А было что-то в этом роде:
плющ стены замка обвивал,
шло готике небес предгрозье,
склоняясь к люксембургской розе,
её садовник поливал.
Царица тридевятой флоры!
Зачем на скромный наш восток,
на хляби наши и заборы,
на злоначальные затворы
пал твой прозрачный лепесток?
Но должно вот чему дивиться,
прочла – и белый свет стал мил:
«ул. им. Давыдова Дениса».
– Поведай мне, душа-девица,
ул. им. – кого? ум – ил затмил.
– Вы что, неграмотная, что ли? —
спросила девица-краса. —
Пойдите, подучитесь в школе. —
Открылись щёлки, створки, шторки,
и выглянули все глаза.
– Я мало видывала видов —
развейте умственную тьму:
вдруг есть средь ваших индивидов
другой Денис, другой Давыдов? —
Красавица сказала: – Тьфу!
Пред-магазинною горою
я шла, и грустно было мне.
Свет, радость, жизнь! Ночной порою
тебе певцу, тебе герою,
не страшно в этой стороне?
Ларец и ключ
Осипу Мандельштаму
Когда бы этот день – тому, о ком читаю:
де, ключ он подарил от… скажем, от ларца
открытого… свою так оберёг он тайну,
как если бы ловил и окликал ловца.
Я не о тайне тайн, столь явных обиталищ
нет у неё, вся – в нём, прозрачно заперта,
как суть в устройстве сот. – Не много ль ты болтаешь? —
мне чтенье говорит, которым занята.
Но я и так – молчок, занятье уст – вино лишь,
и терпок поцелуй имеретинских лоз.
Поправший Кутаис, в строку вступил Воронеж —
как пекло дум зовут, сокрыть не удалось.
Вернее – в дверь вошел общения искатель.
Тоскою уязвлён и грёзой обольщён,
он попросту живет как житель и писатель
не в пекле ни в каком, а в центре областном.
Я сообщалась с ним в смущении двояком:
посол своей же тьмы иль вестник роковой
явился подтвердить, что свой чугунный якорь
удерживает Пётр чугунною рукой?
«Эй, с якорем!» – шутил опалы завсегдатай.
Не следует дерзить чугунным и стальным.
Что вспыльчивый изгой был лишнею загадкой,
с усмешкой небольшой приметил властелин.
Строй горла ярко наг и выдан пульсом пенья
и высоко над ним – лба над-седьмая пядь.
Где хруст и лязг возьмут уменья и терпенья,
чтоб дланью не схватить и не защелкнуть пасть?
Сапог – всегда сосед священного сосуда
и вхож в глаза птенца, им не живать втроём.
Гость говорит: тех мест писателей союза
отличный малый стал теперь секретарём.
Однако – поздний час.

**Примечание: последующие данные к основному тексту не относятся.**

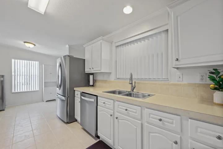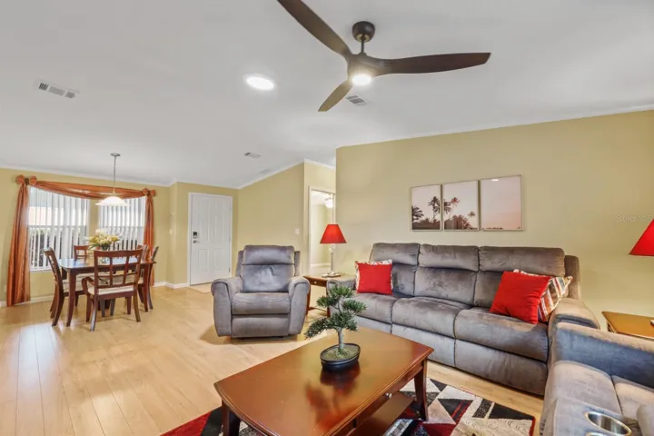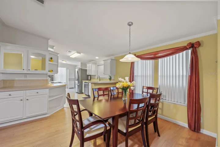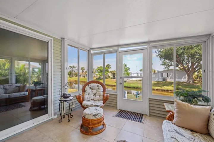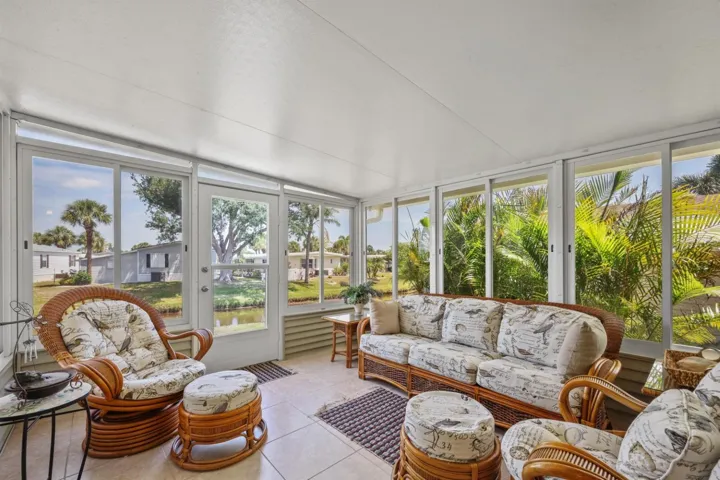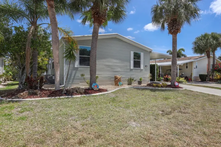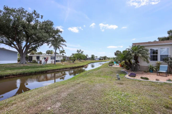 Beautiful and spacious THREE bedroom Palm Harbor built home situated on a premium interior lot with a water view. The split bedroom floorplan with the primary bedroom suite on one end, two guest rooms on the other, is perfect for entertaining your overnight guests. Third bedroom could be the perfect home office or craft room. Primary bedroom suite features two walk-in closets and en-suite bathroom with double sinks and walk-in shower. The living room, dining room combination offers plenty of space to entertain. Breakfast nook off kitchen with sliding glass doors exiting out to the spacious 13×12 lanai with upgraded windows and doors. The lanai will be your favorite place to watch the sunrise and bird watching. Interior laundry closet off breakfast nook with upgraded front load washer/dryer. No carpet, laminate and tiled floors for easy maintenance. Guest bathroom features tub/shower combination. Spacious 8×10 storage shed for your golf clubs, tools and more. This home is being sold furnished with non-warranted golf cart. AC replaced in 2022. Water Heater replaced 2020. AMS Weather-Lok Roof-over installed 2017. Electric vertical platform lift at entrance can be removed prior to closing if desired. Whether you’re a snowbird or a year rounder, this property checks all the boxes. Schedule your private showing today and start living the Maple Leaf lifestyle. **Be sure to check out the 3-D virtual tour and walk through video links** Located in award winning Maple Leaf Golf & Country Club, a popular 55+ gated golf course community with an active resort lifestyle. Features a Par 62, 18 hole golf course, 5 tennis courts, bocce ball, lawn bowling, 2 shuffleboard courts, 4 heated swimming pools, 2 hot tubs, fitness facility, woodworking facility, 75+ clubs/activities, 4 pickleball courts, restaurant with full service bar, tiki hut/bar and more. Don’t miss out on this opportunity to live in a thriving community where every day feels like a vacation.

Мы навсегда простились.
Ему не надо знать, чьей тени он сосед.
Признаться, столь глухих и сумрачных потылиц
не собиратель я для пиршеств иль бесед.
Когда бы этот день – тому, о ком страданье —
обыденный устой и содержанье дней,
всё длилось бы ловца когтистого свиданье
с добычей меж ресниц, которых нет длинней.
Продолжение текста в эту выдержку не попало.